Baseline demographics were compared using an independent t-test. To compare the VD of the SVD (SVD), DVC (DVD), and CC (CVD) with previous measurements, paired t-tests with Bonferroni correction were used. Linear mixed models were used to identify significant VD changes over time, incorporating age, sex, IOP, spherical equivalent, best-corrected visual acuity (BCVA), hypertension, DR severity (nonproliferative or proliferative), DR duration, follow-up length, and OCTA quality as fixed effects. A random intercept was included at the eye level.
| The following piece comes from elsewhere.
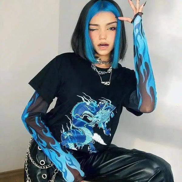- Type kledingstuk: Grafisch T-shirt met gelaagde mesh mouwen

Generalized linear mixed models were used to determine factors influencing changes in SVD and DVD over time in patients taking CaD. Statistical analyses were performed using SPSS statistics software (version 18.0; IBM Corp., Armonk, NY, USA).

Results

Demographics

A total of 81 eyes were included: 39 in Group 1 and 42 in Group 2 (Table 1).

Download:

Table 1. Baseline demographics.

https://doi.org/10.1371/journal.pone.0325714.t001

At baseline, there were no statistically significant differences between the two groups in terms of age, sex, or DR stage. Blood pressure measured at each visit remained stable in both groups. The mean BCVA was 0.09 ± 0.10, 0.10 ± 0.10, and 0.07 ± 0.10 in Group 1 (P = 0.280), and 0.06 ± 0.13, 0.05 ± 0.10, and 0.05 ± 0.09 in Group 2 (P = 0.247) at baseline, 3 months, and 6 months, respectively. The mean OCTA quality was 32.5 ± 2.5, 32.9 ± 2.2, and 32.9 ± 2.2 dB in Group 1 (P = 0.473), and 33.0 ± 2.3, 32.8 ± 2.2, and 32.8 ± 2.3 dB in Group 2 (P = 0.690) at baseline, 3 months, and 6 months, respectively.
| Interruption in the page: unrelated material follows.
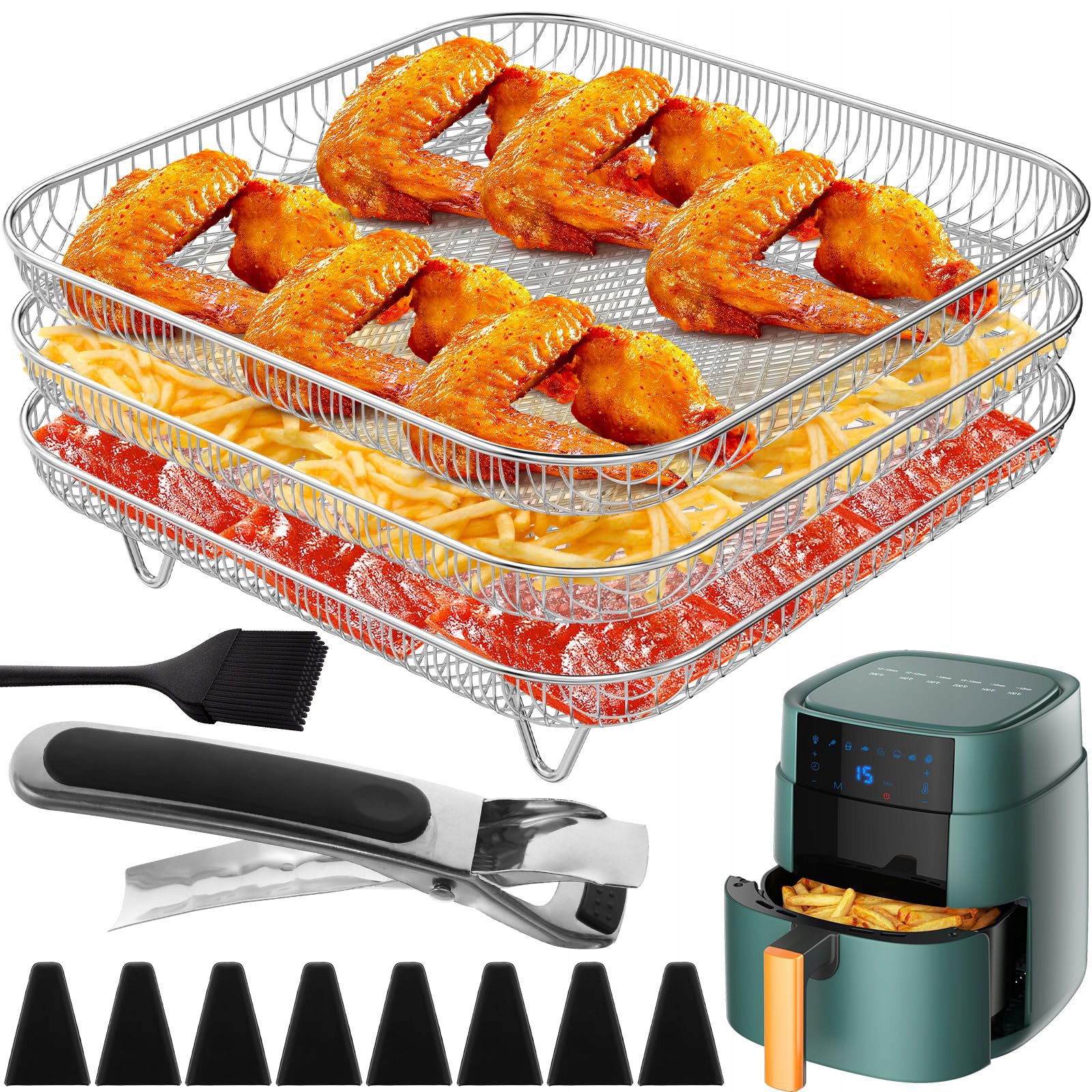 ✅ Эффективно: плоскогубцы из нержавеющей стали, устойчивая к ожогам, позволяют легко поднять жаркие решатели без риска ожогов. Решетка фри также можно использовать в качестве подноса или основания для сушки фруктов или овощей, таких как приготовленная брокколи и морковь, предотвращая их приготовление.

SVD, DVD, and their skeletonized forms in each visit

The mean SVD was 21.8 ± 5.7, 23.5 ± 6.5, and 23.3 ± 6.1% in Group 1 (P = 0.034), and 22.3 ± 6.6, 22.6 ± 7.3, and 21.4 ± 6.7% in Group 2 (P = 0.175) at baseline, 3 months, and 6 months, respectively (Table 2).

Download:

Table 2. Optical coherence tomography angiography parameters at each visit.

https://doi.org/10.1371/journal.pone.0325714.t002

In Group 1, there was a significant difference in SVD from baseline to 3 months (P = 0.021), but not from 3 to 6 months (P = 0.745). The skeletonized SVD (SKSVD) also showed significant changes over time (P = 0.021), with pairwise comparison results similar to those of SVD (baseline vs. 3 months, P = 0.018; 3 months vs. 6 months, P = 0.720) (Fig 1). In Group 2, there was no statistically significant change in SVD over time (P = 0.175), while SKSVD demonstrated a significant reduction (P = 0.028).

Download:

Fig 1. Scatter plots showing the means and standard deviations of vessel densities and skeletonized vessel densities in superficial vascular complex (SVC) and deep vascular complex (DVC) at each visit in patients taking calcium dobesilate.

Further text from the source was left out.